I must mention the weight here. The entire speaker package was around 22-25 Kgs. Specially the subwoofer was very heavy. The speaker comes with 4 stands for the speakers. All speakers have 25W of RMS power. The center speaker also has 25W, which is very useful if you are upto watching movies or playing games in 5.1 mode, as all the dialogues or vocals come from it. I found the center speaker to be loud enough for watching movies. 

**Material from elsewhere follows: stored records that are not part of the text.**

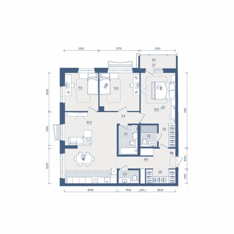 Продаётся 3-комнатная квартира в строящемся доме (Секция 2), срок сдачи: II-кв. 2028, общей площадью 104.1 кв.м., на 13 этаже. Новый жилой комплекс ''Форма'' от застройщика ''Форум-Групп'' расположен по адресу: г. Екатеринбург, улица Сони Морозовой.
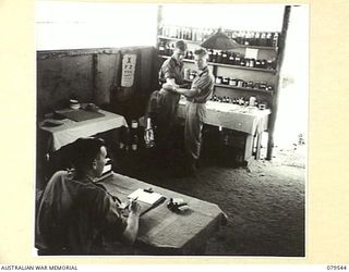Oro Bay, New Guinea. 1943-04. The first Regimental Aid Post and Admission Room at the Main Dressing Station, 10th Field Ambulance, Australian Army Medical Corps
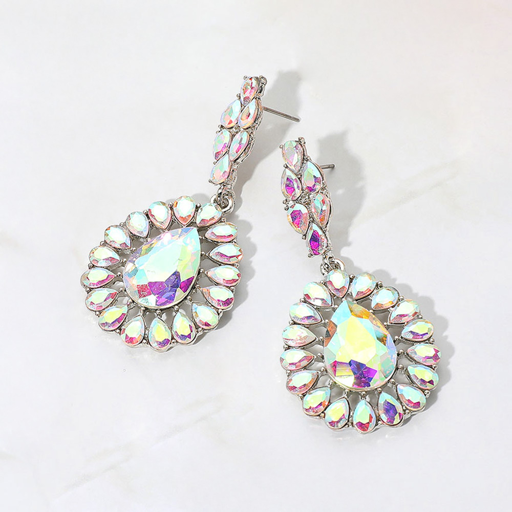 • Shine with elegance in these vintage-inspired teardrop crystal drop earrings. Featuring a radiant halo of faceted stones around a striking center gem, they’re perfect for weddings, galas, or festive events. A timeless statement piece that adds sophistication to any outfit.
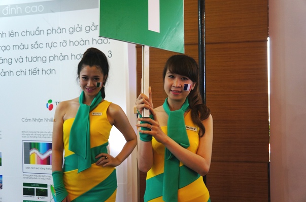Bên cạnh những chiếc ti vi với nhiều công nghệ mới, tại các buổi lễ ra mắt sản phẩm ti vi của Samsung và Sony cũng xuất hiện rất nhiều người đẹp. Đáng chú ý tại lễ ra mắt của Samsung tổ chức tại Đà Nẵng có sự xuất hiện của diễn viên, người mẫu Trương Ngọc Ánh.
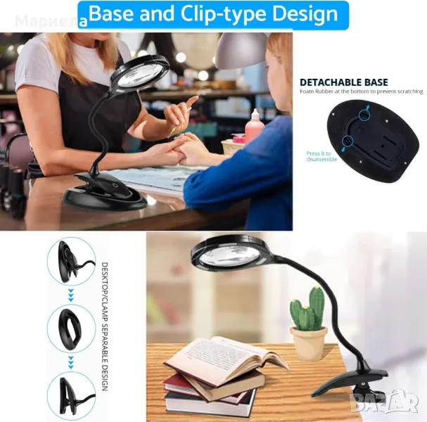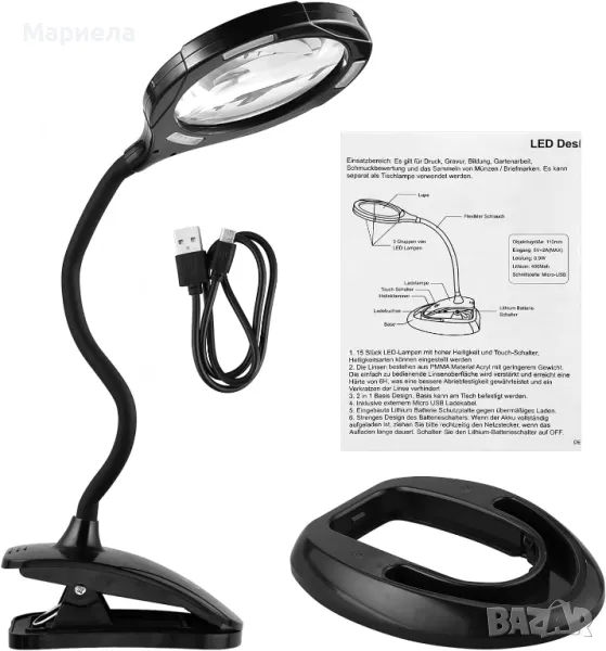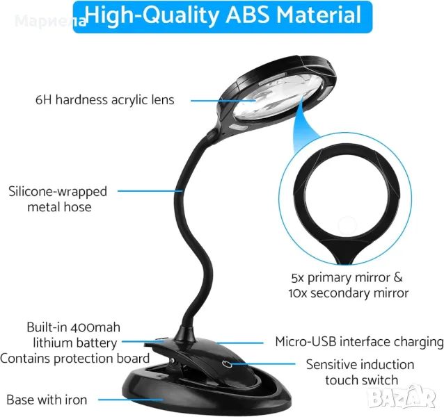 LED акумулаторна лупа-х5;х10 със светлина/2-в-1 настолна лампа и скоба 3 цветни режима
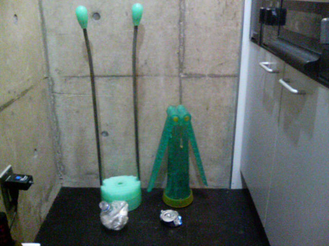 左側はペットボトル用で、棒の上の方の握り玉を両手で握って、マシーンの間に挟んだペットボトルを足で踏んで潰します。こちらは本当に力任せに踏むという感じであまり芸がありません・・・。
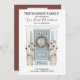 Hanging your hat in a new locale? Share the news in country chic farmhouse holiday style with this blue door adorned with a cute little bird sitting on a wreath, two photo "Celebrating Our First Christmas in Our New Home" design in light blue gray and dusky terracotta red. Simply add your return address, family and first names and message along with two photos and you are all set. Composite design by Holiday Hearts Designs (rights reserved).
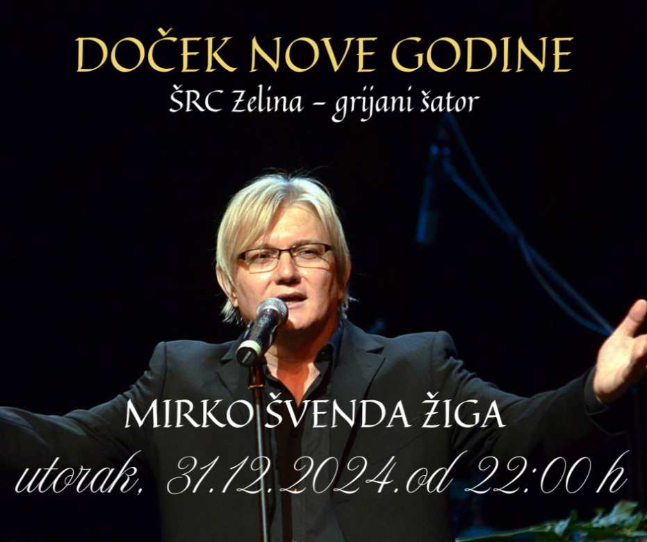 U Svetom Ivanu Zelini, tridesetak kilometara od Zagreba, nastupa Mirko Švenda Žiga čiji koncert počinje u 22 sata. Koncert se održava na ŠRC Zelina, u grijanom šatoru gdje će se pripremiti bogata ponuda hrane i pića.
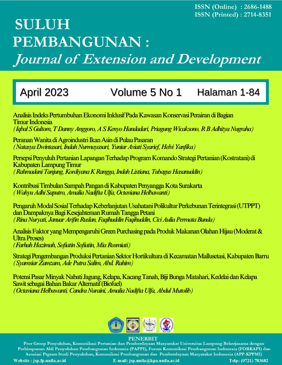 Gultom, I., Anggoro, T. D., Handadari, A. S., Wicaksono, P., & Nugraha, R. B. (2023). Analisis Indeks Pertumbuhan Ekonomi Inklusif Pada Kawasan Konservasi Perairan di Bagian Timur Indonesia. Suluh Pembangunan : Journal of Extension and Development, 5(1), 1-10. https://doi.org/10.23960/jsp.Vol5.No1.2023.165
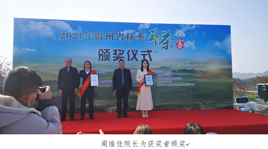 11月10日,省农科院党委副书记、院长周维佳出席由省农村产业革命茶产业发展领导小组主办的“2021年贵州省秋季斗茶赛颁奖仪式”活动,并为选手颁奖。
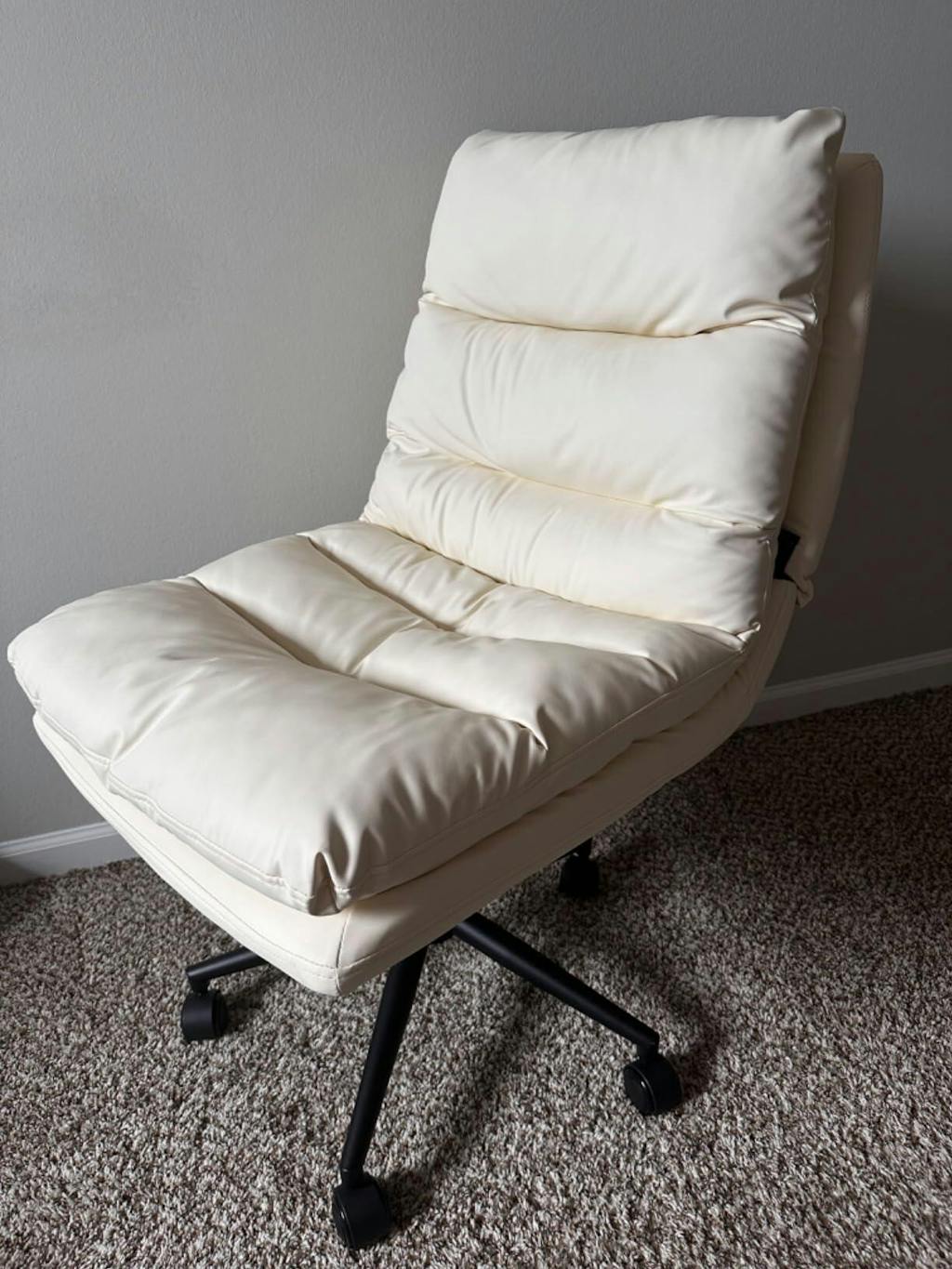 AECOJOY Criss Cross Chair with Wheels Thick Cusion, Premium Leather Beige

*www.thinkdigit.com/forum/attachments/reviews/11892d1377089827-f-d-f5090-5-1-multimedia-speakers-img_2124.jpg

*www.thinkdigit.com/forum/attachments/reviews/11893d1377089832-f-d-f5090-5-1-multimedia-speakers-img_2125.jpg

*www.thinkdigit.com/forum/attachments/reviews/11894d1377089836-f-d-f5090-5-1-multimedia-speakers-img_2126.jpg

*www.thinkdigit.com/forum/attachments/reviews/11895d1377089842-f-d-f5090-5-1-multimedia-speakers-img_2127.jpg

*www.thinkdigit.com/forum/attachments/reviews/11896d1377089852-f-d-f5090-5-1-multimedia-speakers-img_2128.jpg

*www.thinkdigit.com/forum/attachments/reviews/11898d1377089864-f-d-f5090-5-1-multimedia-speakers-img_2130.jpg
*www.thinkdigit.com/forum/attachments/reviews/11899d1377089870-f-d-f5090-5-1-multimedia-speakers-img_2131.jpg
*www.thinkdigit.com/forum/attachments/reviews/11900d1377089876-f-d-f5090-5-1-multimedia-speakers-img_2132.jpg
*www.thinkdigit.com/forum/attachments/reviews/11901d1377089884-f-d-f5090-5-1-multimedia-speakers-img_2133.jpg



The stands add a good design element to the set of speakers. They come with a moderately long wire and some tedious assembly. I must warn here that the stands while having enough weight, do not stand as easily as expected. A slight jerk may topple down the speakers on the stands.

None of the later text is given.